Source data
>>>>>
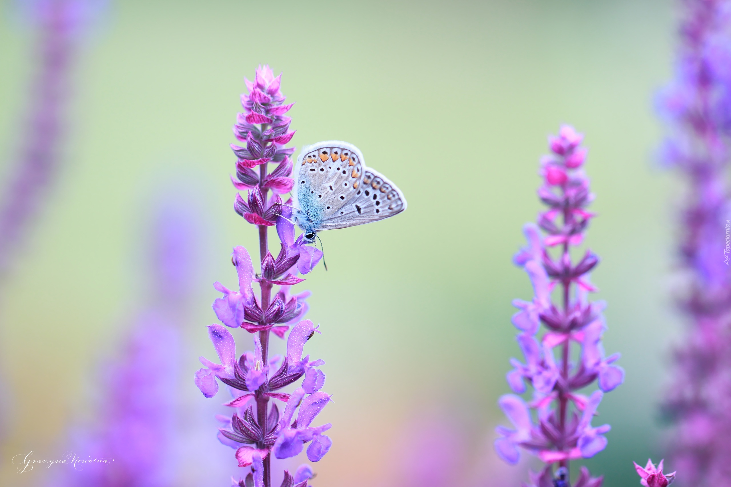 Edytor tapety: Modraszek, Motyl, Kwiaty
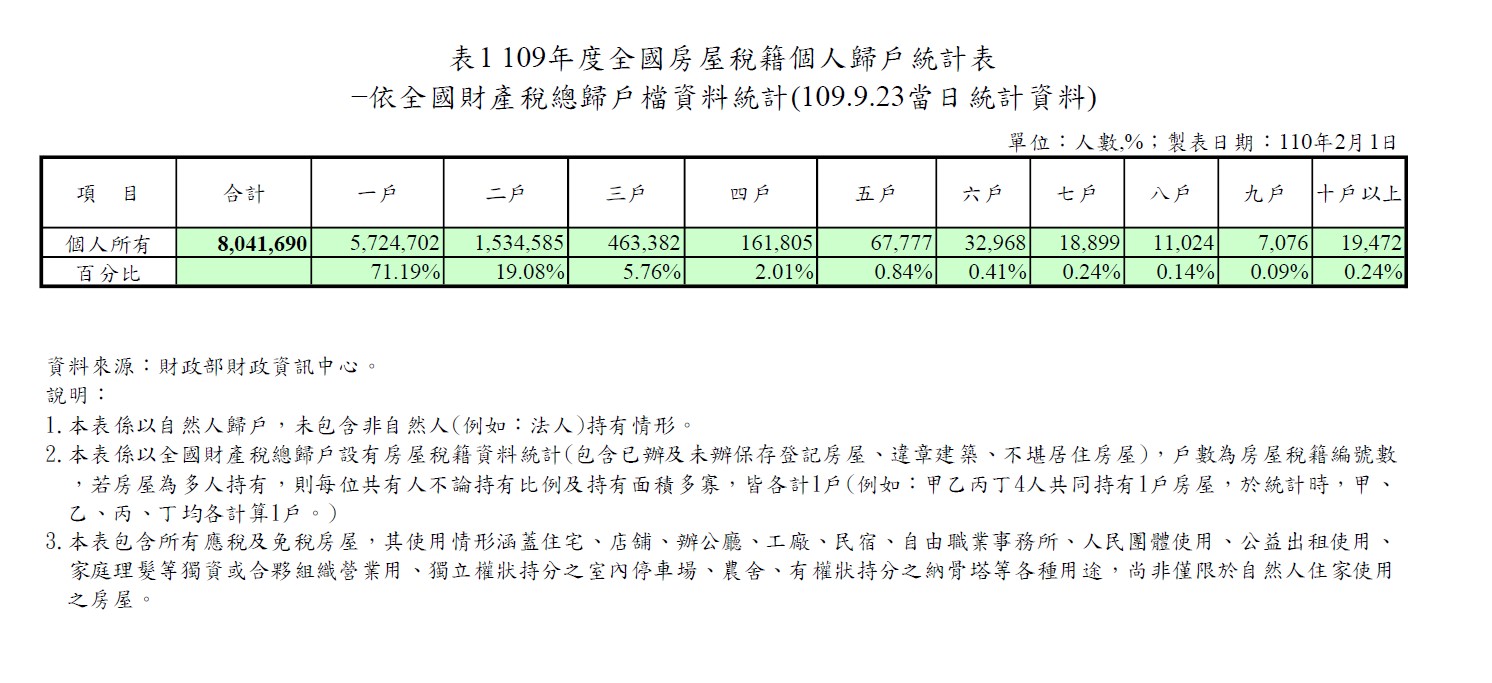 : 要看全國名下有房的統計,我之前有分享過
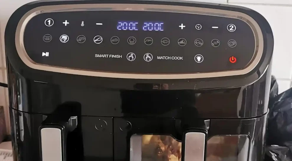 L’écran affiche en permanence la température et le temps restants pour chaque zone. Un bouton SMART FINISH juxtapose les deux cuissons pour qu’elles se terminent en même temps. Pratique quand je lance des frites (200 °C, 18 min) d’un côté et des nuggets maison (180 °C, 12 min) de l’autre.
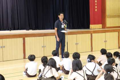 “3つのかも”は「車がくるかも」「バイクが来るかも」「自転車が来るかも」です。曲がり角を曲がるときに、向こうから何か来るかもしれないという気持ちを持ってほしいというお願いでした。大阪は、とても交通事故が多いそうです。夏休みも近づいています。交通ルールを守り、安全に過ごしてほしいと思います。
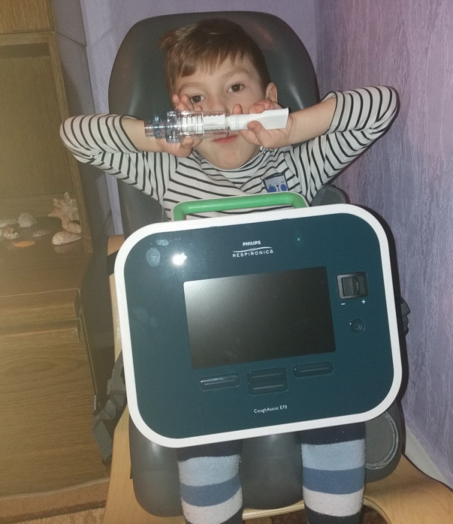 Благодаря Вам у Ростислава теперь есть откашливатель, очень удобное кресло и тренажер для тренировки дыхания.
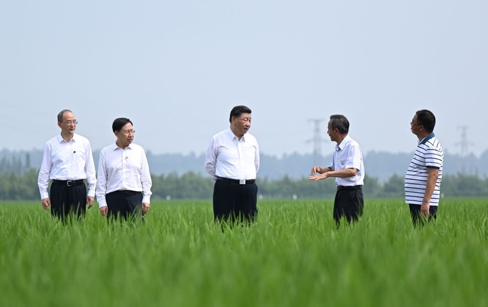 2022年6月8日上午,習近平在四川眉山市東坡區(qū)太和鎮(zhèn)永豐村高標準水稻種植基地考察,了解水稻試驗育種和種植推廣情況。習近平強調(diào):推進農(nóng)業(yè)現(xiàn)代化,既要靠農(nóng)業(yè)專家,也要靠廣大農(nóng)民。要加強現(xiàn)代農(nóng)業(yè)科技推廣應用和技術(shù)培訓,把種糧大戶組織起來,積極發(fā)展綠色農(nóng)業(yè)、生態(tài)農(nóng)業(yè)、高效農(nóng)業(yè)。我們有信心、有底氣把中國人的飯碗牢牢端在自己手中。
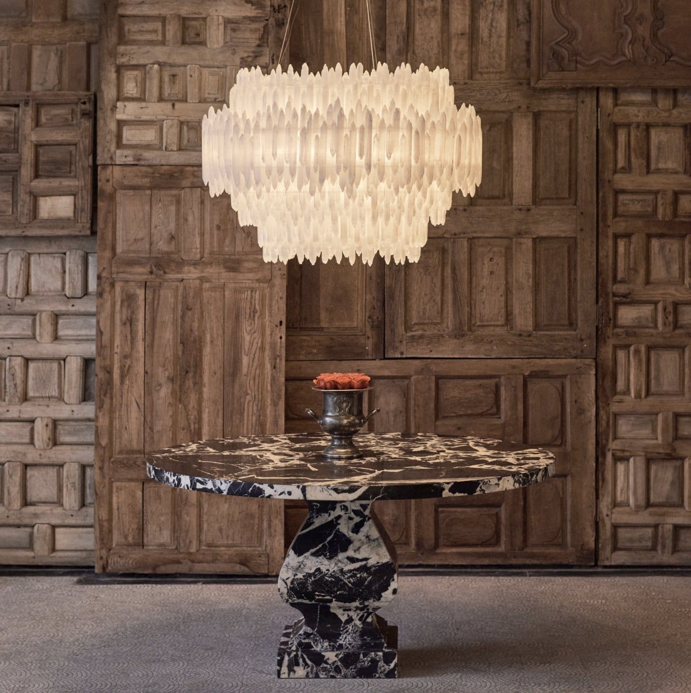 A sculpture in its own right, the Selenite Layer pendant is created entirely by hand using shards of natural selenite. Named after the Greek goddess of the moon, selenite is known for its soft pearlescent glow similar to moonlight. It is the crystalline version of the mineral Gypsum and is revered by many for its spiritual and protective properties with some believing it unlocks the chakra of divine wisdom. The oldest Selenite crystal ever discovered was 500,000 years old in Chihuahua, Mexico. Suspended like glistening stalactites, the crystals in our Selenite Layer lighting collection are painstakingly affixed to the frame one by one.
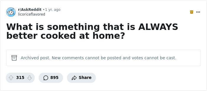 Though, to be fair, the food you order can, quite often, miss the mark, and you feel like you could do much better yourself. It’s not just a feeling—it’s a fact. Today, we’re looking at a popular Reddit thread where various internet chefs shared the dishes that they believe taste far better cooked at home than dining out or ordering in. Scroll down to read what they had to say about the topic.
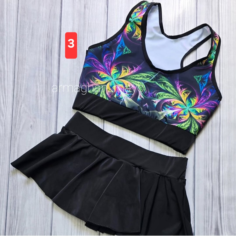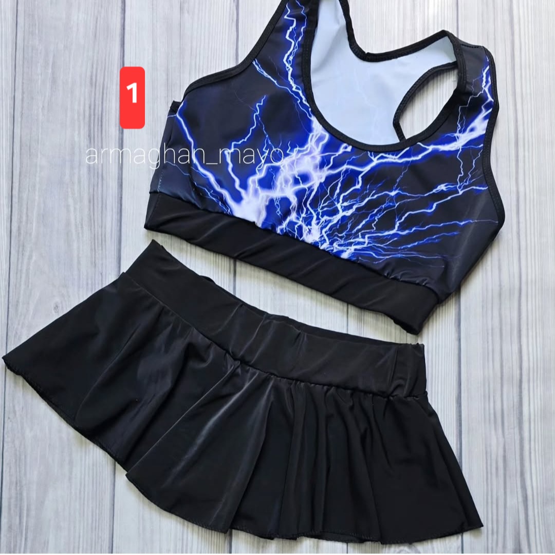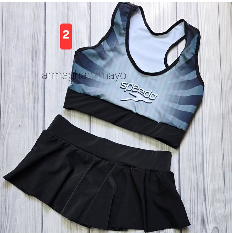 ✔️مایو دوتیکه دامنی طرحدار بدون کاپ، انتخابی عالی برای دختران ۱۰ سال به بالا و خانمهای جوان است.
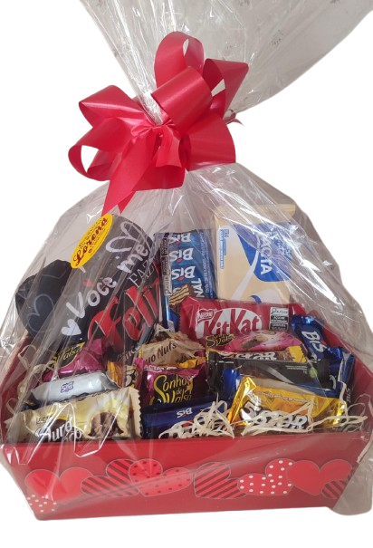 Contém 1 coração de pelúcia P de bracinhos, 1 caixa de Bis, 1 barra de chocolate, 1 Kit Kat e bombons variados, em uma linda caixa papelão vermelha, com corações.
<<<<<
Problem requirements
A verbatim copy of every entry above, with no pictures, is the expected output.

Answer to the exercise
 Edytor tapety: Modraszek, Motyl, Kwiaty
 : 要看全國名下有房的統計,我之前有分享過
 L’écran affiche en permanence la température et le temps restants pour chaque zone. Un bouton SMART FINISH juxtapose les deux cuissons pour qu’elles se terminent en même temps. Pratique quand je lance des frites (200 °C, 18 min) d’un côté et des nuggets maison (180 °C, 12 min) de l’autre.
 “3つのかも”は「車がくるかも」「バイクが来るかも」「自転車が来るかも」です。曲がり角を曲がるときに、向こうから何か来るかもしれないという気持ちを持ってほしいというお願いでした。大阪は、とても交通事故が多いそうです。夏休みも近づいています。交通ルールを守り、安全に過ごしてほしいと思います。
 Благодаря Вам у Ростислава теперь есть откашливатель, очень удобное кресло и тренажер для тренировки дыхания.
 2022年6月8日上午,習近平在四川眉山市東坡區(qū)太和鎮(zhèn)永豐村高標準水稻種植基地考察,了解水稻試驗育種和種植推廣情況。習近平強調(diào):推進農(nóng)業(yè)現(xiàn)代化,既要靠農(nóng)業(yè)專家,也要靠廣大農(nóng)民。要加強現(xiàn)代農(nóng)業(yè)科技推廣應用和技術(shù)培訓,把種糧大戶組織起來,積極發(fā)展綠色農(nóng)業(yè)、生態(tài)農(nóng)業(yè)、高效農(nóng)業(yè)。我們有信心、有底氣把中國人的飯碗牢牢端在自己手中。
 A sculpture in its own right, the Selenite Layer pendant is created entirely by hand using shards of natural selenite. Named after the Greek goddess of the moon, selenite is known for its soft pearlescent glow similar to moonlight. It is the crystalline version of the mineral Gypsum and is revered by many for its spiritual and protective properties with some believing it unlocks the chakra of divine wisdom. The oldest Selenite crystal ever discovered was 500,000 years old in Chihuahua, Mexico. Suspended like glistening stalactites, the crystals in our Selenite Layer lighting collection are painstakingly affixed to the frame one by one.
 Though, to be fair, the food you order can, quite often, miss the mark, and you feel like you could do much better yourself. It’s not just a feeling—it’s a fact. Today, we’re looking at a popular Reddit thread where various internet chefs shared the dishes that they believe taste far better cooked at home than dining out or ordering in. Scroll down to read what they had to say about the topic.
 ✔️مایو دوتیکه دامنی طرحدار بدون کاپ، انتخابی عالی برای دختران ۱۰ سال به بالا و خانمهای جوان است.
 Contém 1 coração de pelúcia P de bracinhos, 1 caixa de Bis, 1 barra de chocolate, 1 Kit Kat e bombons variados, em uma linda caixa papelão vermelha, com corações.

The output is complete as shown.